- **Exercise objective**
Your answer should hold exactly the lines from the one containing "- Cazare 1: Aljazeera" through the end of the material, and no others.

Start of Given records

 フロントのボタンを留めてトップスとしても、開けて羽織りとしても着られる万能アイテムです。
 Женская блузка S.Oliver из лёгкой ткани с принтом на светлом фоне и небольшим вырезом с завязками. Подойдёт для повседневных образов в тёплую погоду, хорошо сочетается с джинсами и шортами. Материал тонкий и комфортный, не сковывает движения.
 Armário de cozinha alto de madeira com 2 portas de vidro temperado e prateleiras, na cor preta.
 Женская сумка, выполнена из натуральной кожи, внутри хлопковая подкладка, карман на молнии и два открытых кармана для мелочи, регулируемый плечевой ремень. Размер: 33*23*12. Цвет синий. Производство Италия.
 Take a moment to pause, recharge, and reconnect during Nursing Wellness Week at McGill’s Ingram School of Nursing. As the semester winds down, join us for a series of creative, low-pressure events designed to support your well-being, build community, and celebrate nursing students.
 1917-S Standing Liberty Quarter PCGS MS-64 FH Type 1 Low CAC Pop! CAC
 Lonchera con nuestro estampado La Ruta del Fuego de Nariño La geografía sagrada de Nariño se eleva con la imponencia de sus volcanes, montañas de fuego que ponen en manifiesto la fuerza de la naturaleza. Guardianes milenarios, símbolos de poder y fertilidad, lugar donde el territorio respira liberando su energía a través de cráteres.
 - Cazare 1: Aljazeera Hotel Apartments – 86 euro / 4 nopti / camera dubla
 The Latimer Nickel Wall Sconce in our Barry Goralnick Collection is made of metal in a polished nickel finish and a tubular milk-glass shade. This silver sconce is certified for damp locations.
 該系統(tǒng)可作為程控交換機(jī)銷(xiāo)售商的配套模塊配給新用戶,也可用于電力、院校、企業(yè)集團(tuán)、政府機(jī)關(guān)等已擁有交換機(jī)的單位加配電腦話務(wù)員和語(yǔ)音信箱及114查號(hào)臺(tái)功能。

End of Given records

- **Result below**
 - Cazare 1: Aljazeera Hotel Apartments – 86 euro / 4 nopti / camera dubla
 The Latimer Nickel Wall Sconce in our Barry Goralnick Collection is made of metal in a polished nickel finish and a tubular milk-glass shade. This silver sconce is certified for damp locations.
 該系統(tǒng)可作為程控交換機(jī)銷(xiāo)售商的配套模塊配給新用戶,也可用于電力、院校、企業(yè)集團(tuán)、政府機(jī)關(guān)等已擁有交換機(jī)的單位加配電腦話務(wù)員和語(yǔ)音信箱及114查號(hào)臺(tái)功能。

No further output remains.